+++ MATERIAL FOR THIS EXERCISE +++
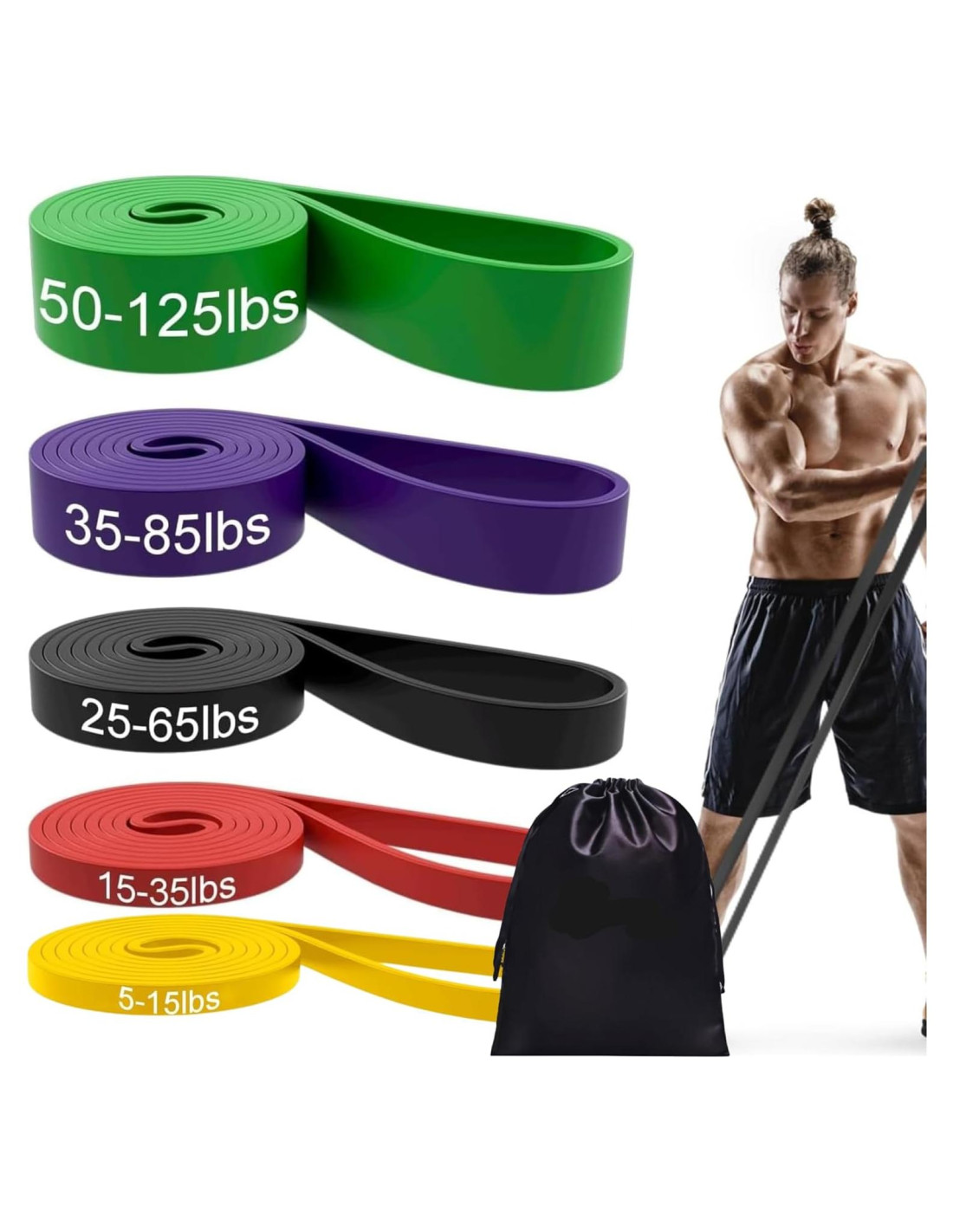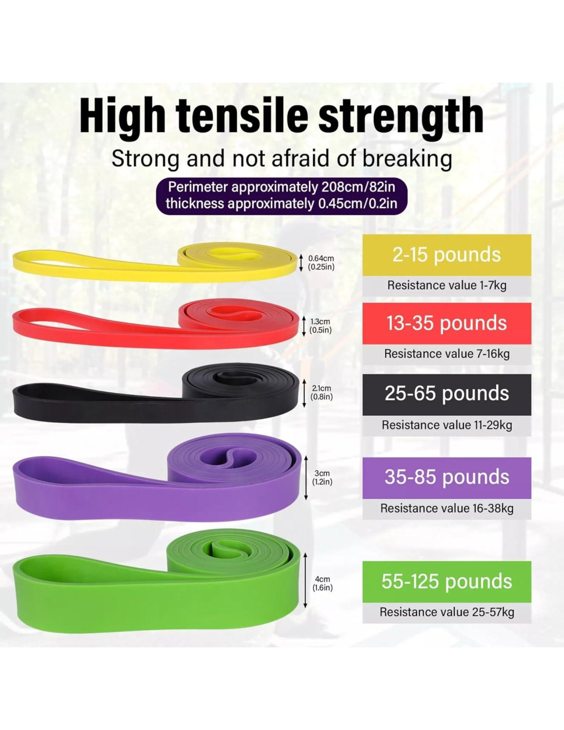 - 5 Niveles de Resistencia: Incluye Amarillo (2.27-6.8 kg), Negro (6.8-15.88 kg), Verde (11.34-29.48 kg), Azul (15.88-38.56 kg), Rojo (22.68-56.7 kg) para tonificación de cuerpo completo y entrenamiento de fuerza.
+++
+++ MATERIAL FOR THIS EXERCISE +++
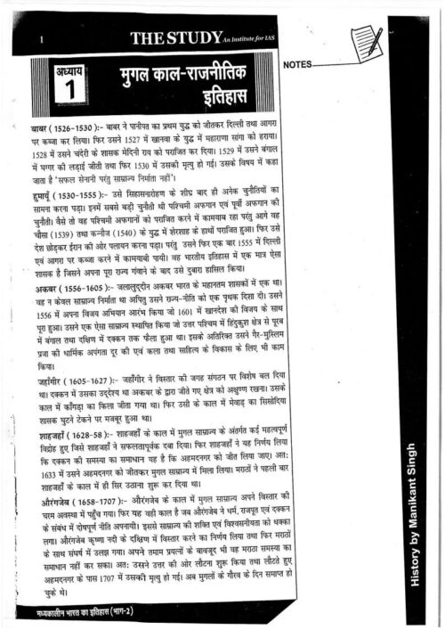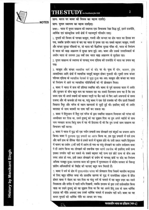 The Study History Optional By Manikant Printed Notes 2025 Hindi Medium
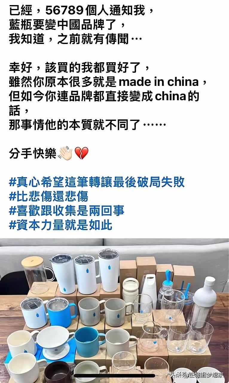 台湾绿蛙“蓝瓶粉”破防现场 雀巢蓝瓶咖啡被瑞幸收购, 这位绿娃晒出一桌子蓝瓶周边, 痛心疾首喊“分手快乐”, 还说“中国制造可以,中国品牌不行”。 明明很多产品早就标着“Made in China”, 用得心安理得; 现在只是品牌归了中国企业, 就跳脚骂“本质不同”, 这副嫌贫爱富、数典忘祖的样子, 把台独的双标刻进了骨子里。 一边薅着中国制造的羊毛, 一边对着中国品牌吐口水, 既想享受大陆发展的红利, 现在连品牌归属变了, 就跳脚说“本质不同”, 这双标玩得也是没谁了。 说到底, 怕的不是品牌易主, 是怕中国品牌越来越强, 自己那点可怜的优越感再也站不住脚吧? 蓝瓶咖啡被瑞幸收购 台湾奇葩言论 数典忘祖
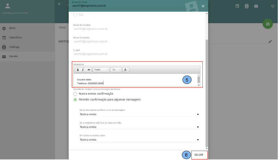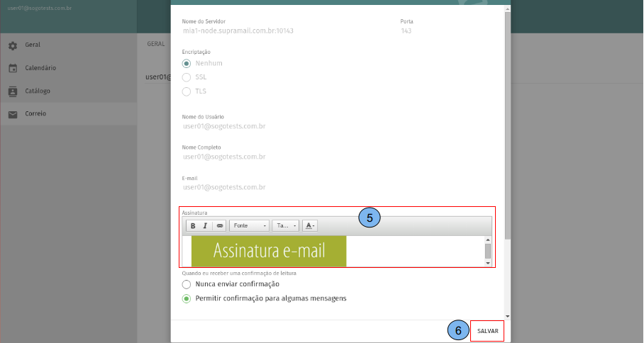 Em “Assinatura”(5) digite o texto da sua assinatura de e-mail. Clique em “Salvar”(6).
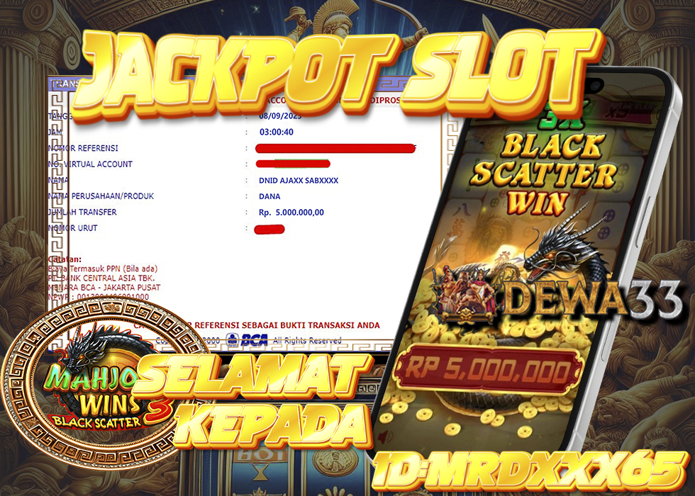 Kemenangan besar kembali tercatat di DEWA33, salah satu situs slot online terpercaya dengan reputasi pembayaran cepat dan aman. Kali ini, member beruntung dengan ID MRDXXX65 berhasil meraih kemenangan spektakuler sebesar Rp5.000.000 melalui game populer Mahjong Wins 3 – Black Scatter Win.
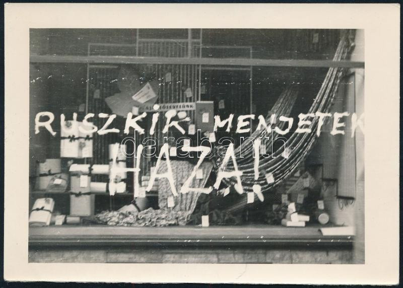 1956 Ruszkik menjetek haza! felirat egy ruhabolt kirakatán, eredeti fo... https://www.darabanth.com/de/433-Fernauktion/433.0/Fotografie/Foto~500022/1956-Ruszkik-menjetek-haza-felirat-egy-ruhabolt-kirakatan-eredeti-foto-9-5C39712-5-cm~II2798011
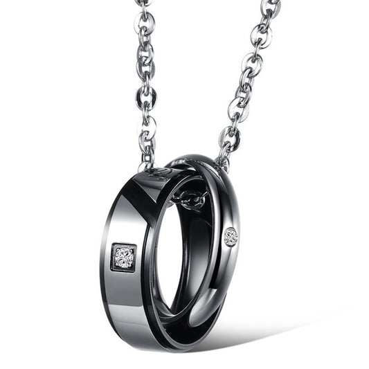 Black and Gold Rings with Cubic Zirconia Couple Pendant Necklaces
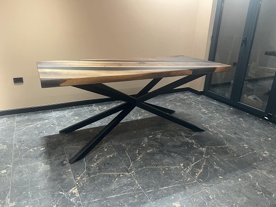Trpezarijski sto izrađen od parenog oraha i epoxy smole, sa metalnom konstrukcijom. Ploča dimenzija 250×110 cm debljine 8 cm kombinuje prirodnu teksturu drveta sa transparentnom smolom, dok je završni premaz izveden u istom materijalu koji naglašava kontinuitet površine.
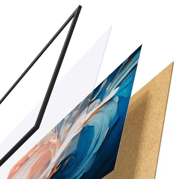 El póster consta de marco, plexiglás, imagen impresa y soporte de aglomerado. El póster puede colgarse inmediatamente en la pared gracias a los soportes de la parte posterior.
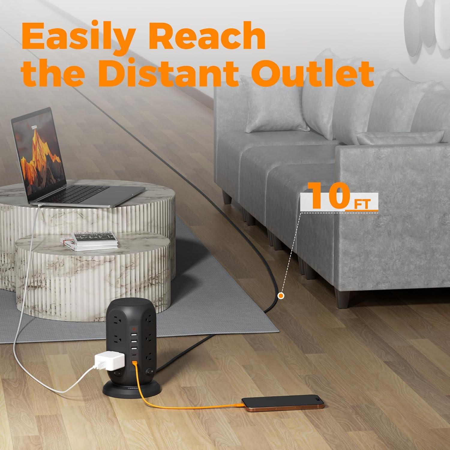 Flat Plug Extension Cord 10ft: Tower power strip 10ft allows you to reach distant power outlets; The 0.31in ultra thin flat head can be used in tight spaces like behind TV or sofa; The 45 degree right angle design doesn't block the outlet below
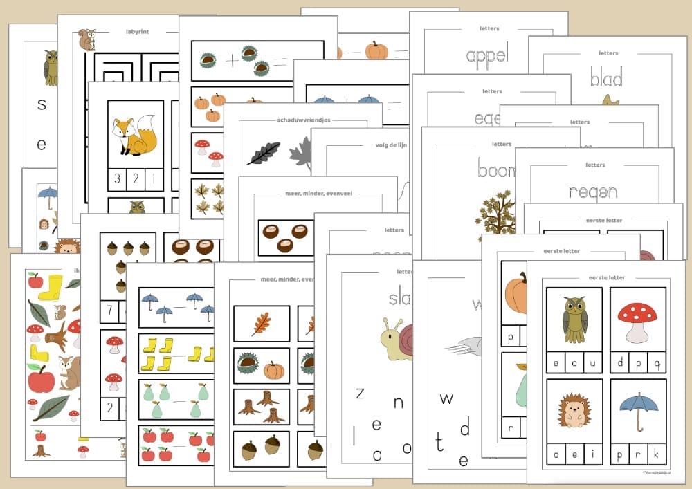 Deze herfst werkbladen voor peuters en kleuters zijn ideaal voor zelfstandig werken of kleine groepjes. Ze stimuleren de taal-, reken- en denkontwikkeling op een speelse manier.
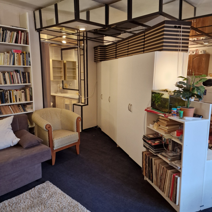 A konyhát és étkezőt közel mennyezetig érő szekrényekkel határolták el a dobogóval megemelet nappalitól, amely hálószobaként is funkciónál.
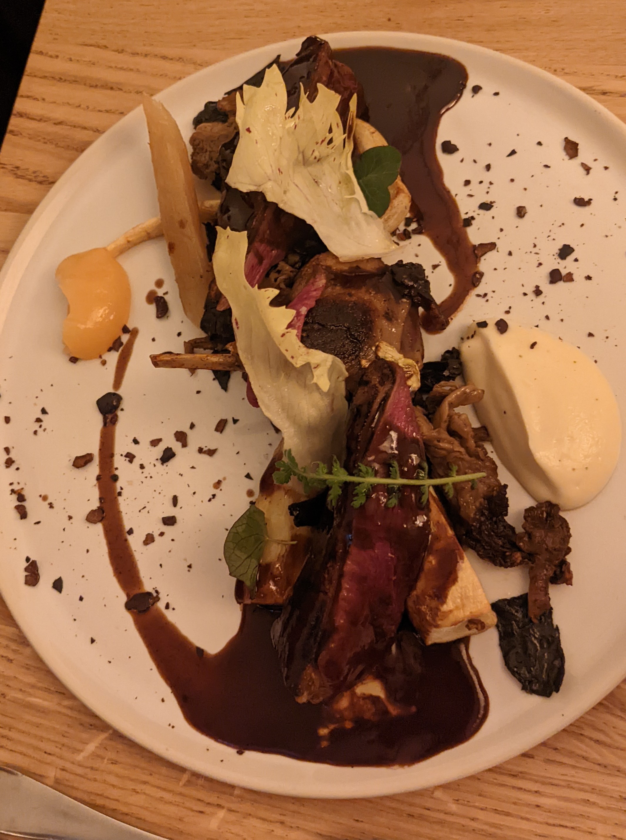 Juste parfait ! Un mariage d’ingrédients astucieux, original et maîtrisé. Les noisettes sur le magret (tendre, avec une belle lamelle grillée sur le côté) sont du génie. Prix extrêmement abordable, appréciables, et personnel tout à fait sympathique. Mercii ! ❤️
+++
Would you print exactly the lines in the listing above, from the line bearing "Flat Plug Extension" through the line bearing "A konyhát és", leaving out all pictures?

## OUTPUT BELOW
 Flat Plug Extension Cord 10ft: Tower power strip 10ft allows you to reach distant power outlets; The 0.31in ultra thin flat head can be used in tight spaces like behind TV or sofa; The 45 degree right angle design doesn't block the outlet below
 Deze herfst werkbladen voor peuters en kleuters zijn ideaal voor zelfstandig werken of kleine groepjes. Ze stimuleren de taal-, reken- en denkontwikkeling op een speelse manier.
 A konyhát és étkezőt közel mennyezetig érő szekrényekkel határolták el a dobogóval megemelet nappalitól, amely hálószobaként is funkciónál.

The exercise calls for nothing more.